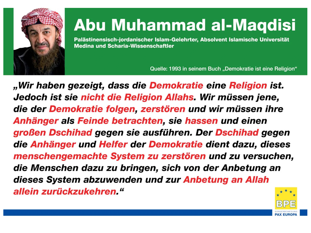 Zitat ganz ausklappen, erfahren Sie mehr... Verkürzten Text anzeigen„Man muss wissen dass, nach der Liebe zu Allah und Seinem Gesandten, Allah uns dazu verpflichtet, [...] diejenigen zu hassen, die sich Allah und Seinem Gesandten entgegenstellen.
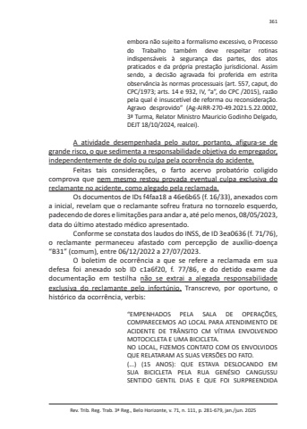 Rev. Trib. Reg. Trab. 3ª Reg., Belo Horizonte, v. 71, n. 111, p. 281-679, jan./jun. 2025361embora não sujeito a formalismo excessivo, o Processo do Trabalho também deve respeitar rotinas indispensáveis à segurança das partes, dos atos praticados e da própria prestação jurisdicional. Assim sendo, a decisão agravada foi proferida em estrita observância às normas processuais (art. 557, caput, do CPC/1973; arts. 14 e 932, IV, “a”, do CPC /2015), razão pela qual é insuscetível de reforma ou reconsideração. Agravo desprovido” (Ag-AIRR-270-49.2021.5.22.0002, 3ª Turma, Relator Ministro Mauricio Godinho Delgado, DEJT 18/10/2024, realcei).A atividade desempenhada pelo autor, portanto, afigura-se de grande risco, o que sedimenta a responsabilidade objetiva do empregador, independentemente de dolo ou culpa pela ocorrência do acidente.Feitas tais considerações, o farto acervo probatório coligido comprova que nem mesmo restou provada eventual culpa exclusiva do reclamante no acidente, como alegado pela reclamada.Os documentos de IDs f4faa18 a 46e6b65 (f. 16/33), anexados com a inicial, revelam que o reclamante sofreu fratura no tornozelo esquerdo, padecendo de dores e limitações para andar a, até pelo menos, 08/05/2023, data do último atestado médico apresentado.Conforme se constata dos laudos do INSS, de ID 3ea0636 (f. 71/76), o reclamante permaneceu afastado com percepção de auxílio-doença “B31” (comum), entre 06/12/2022 a 27/07/2023.O boletim de ocorrência a que se refere a reclamada em sua defesa foi anexado sob ID c1a6f20, f. 77/86, e do detido exame da documentação em testilha não se extrai a alegada responsabilidade exclusiva do reclamante pelo infortúnio. Transcrevo, por oportuno, o histórico da ocorrência, verbis:“EMPENHADOS PELA SALA DE OPERAÇÕES, COMPARECEMOS AO LOCAL PARA ATENDIMENTO DE ACIDENTE DE TRÂNSITO CM VÍTIMA ENVOLVENDO MOTOCICLETA E UMA BICICLETA.NO LOCAL, FIZEMOS CONTATO COM OS ENVOLVIDOS QUE RELATARAM AS SUAS VERSÕES DO FATO.(...) (15 ANOS): QUE ESTAVA DESLOCANDO EM SUA BICICLETA PELA RUA GENÉSIO CANGUSSU SENTIDO GENTIL DIAS E QUE FOI SURPREENDIDA
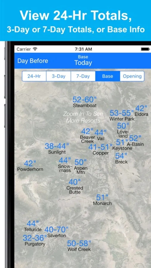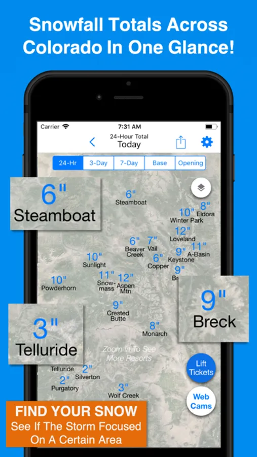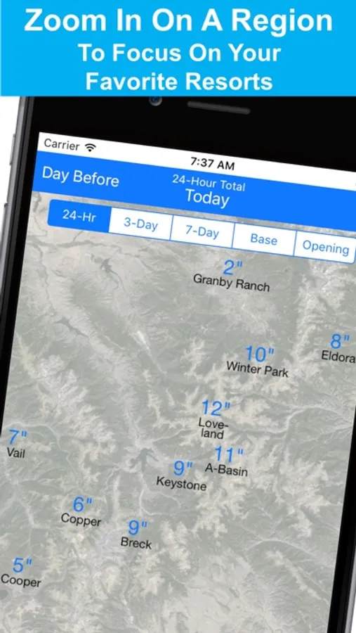 - Zoom in to your favorite part of Colorado to focus on the resorts you care most about. When you reopen the app, the Snow Map will take you right back to the region you were last viewing.
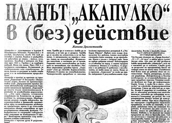 През втората половина на 1990-а Йордан Лозанов, моторът на промените в „Хоризонт“, подхвана инициатива за търсене на управленско решение, което да се справи с проблемите в координацията и планирането и да въведе нормални, продуцентски методи на работа в програмата, на които тогава казвахме „екипен принцип“. Идеята беше проста и доказана в управленските модели на медиите на Запад – всеки сегмент на програмата да има своя продуцент, който да отговаря за планирането, осъществяването и бюджетирането на предаването от „А“ до „Я“. Той поръчва и разпределя задачите, той следи за качеството на съдържанието и той определя ресурсите, които отиват за неговата реализация. Над продуцентите на сегменти стои един общ директор на новините, който решава коя тема в какъв формат къде отива и координира планирането между предаванията. Ръководството на „Хоризонт“ изглеждаше склонно да разгледа такова предложение и Йордан започна да събира екип, който да го разработи. Нарече го план „Акапулко“, на името на елитния в онези години мексикански курорт, чиито хотели освен терен за папарашки снимки на холивудски звезди бяха и място за откъсване от всекидневието и стратегическо планиране на много от бордовете на големите американски корпорации.
——
### Aim of the exercise
Reproduce the data above in full, exactly as it is, with the pictures left out.

### Solution to this exercise
 Zitat ganz ausklappen, erfahren Sie mehr... Verkürzten Text anzeigen„Man muss wissen dass, nach der Liebe zu Allah und Seinem Gesandten, Allah uns dazu verpflichtet, [...] diejenigen zu hassen, die sich Allah und Seinem Gesandten entgegenstellen.
 Rev. Trib. Reg. Trab. 3ª Reg., Belo Horizonte, v. 71, n. 111, p. 281-679, jan./jun. 2025361embora não sujeito a formalismo excessivo, o Processo do Trabalho também deve respeitar rotinas indispensáveis à segurança das partes, dos atos praticados e da própria prestação jurisdicional. Assim sendo, a decisão agravada foi proferida em estrita observância às normas processuais (art. 557, caput, do CPC/1973; arts. 14 e 932, IV, “a”, do CPC /2015), razão pela qual é insuscetível de reforma ou reconsideração. Agravo desprovido” (Ag-AIRR-270-49.2021.5.22.0002, 3ª Turma, Relator Ministro Mauricio Godinho Delgado, DEJT 18/10/2024, realcei).A atividade desempenhada pelo autor, portanto, afigura-se de grande risco, o que sedimenta a responsabilidade objetiva do empregador, independentemente de dolo ou culpa pela ocorrência do acidente.Feitas tais considerações, o farto acervo probatório coligido comprova que nem mesmo restou provada eventual culpa exclusiva do reclamante no acidente, como alegado pela reclamada.Os documentos de IDs f4faa18 a 46e6b65 (f. 16/33), anexados com a inicial, revelam que o reclamante sofreu fratura no tornozelo esquerdo, padecendo de dores e limitações para andar a, até pelo menos, 08/05/2023, data do último atestado médico apresentado.Conforme se constata dos laudos do INSS, de ID 3ea0636 (f. 71/76), o reclamante permaneceu afastado com percepção de auxílio-doença “B31” (comum), entre 06/12/2022 a 27/07/2023.O boletim de ocorrência a que se refere a reclamada em sua defesa foi anexado sob ID c1a6f20, f. 77/86, e do detido exame da documentação em testilha não se extrai a alegada responsabilidade exclusiva do reclamante pelo infortúnio. Transcrevo, por oportuno, o histórico da ocorrência, verbis:“EMPENHADOS PELA SALA DE OPERAÇÕES, COMPARECEMOS AO LOCAL PARA ATENDIMENTO DE ACIDENTE DE TRÂNSITO CM VÍTIMA ENVOLVENDO MOTOCICLETA E UMA BICICLETA.NO LOCAL, FIZEMOS CONTATO COM OS ENVOLVIDOS QUE RELATARAM AS SUAS VERSÕES DO FATO.(...) (15 ANOS): QUE ESTAVA DESLOCANDO EM SUA BICICLETA PELA RUA GENÉSIO CANGUSSU SENTIDO GENTIL DIAS E QUE FOI SURPREENDIDA
 - Zoom in to your favorite part of Colorado to focus on the resorts you care most about. When you reopen the app, the Snow Map will take you right back to the region you were last viewing.
 През втората половина на 1990-а Йордан Лозанов, моторът на промените в „Хоризонт“, подхвана инициатива за търсене на управленско решение, което да се справи с проблемите в координацията и планирането и да въведе нормални, продуцентски методи на работа в програмата, на които тогава казвахме „екипен принцип“. Идеята беше проста и доказана в управленските модели на медиите на Запад – всеки сегмент на програмата да има своя продуцент, който да отговаря за планирането, осъществяването и бюджетирането на предаването от „А“ до „Я“. Той поръчва и разпределя задачите, той следи за качеството на съдържанието и той определя ресурсите, които отиват за неговата реализация. Над продуцентите на сегменти стои един общ директор на новините, който решава коя тема в какъв формат къде отива и координира планирането между предаванията. Ръководството на „Хоризонт“ изглеждаше склонно да разгледа такова предложение и Йордан започна да събира екип, който да го разработи. Нарече го план „Акапулко“, на името на елитния в онези години мексикански курорт, чиито хотели освен терен за папарашки снимки на холивудски звезди бяха и място за откъсване от всекидневието и стратегическо планиране на много от бордовете на големите американски корпорации.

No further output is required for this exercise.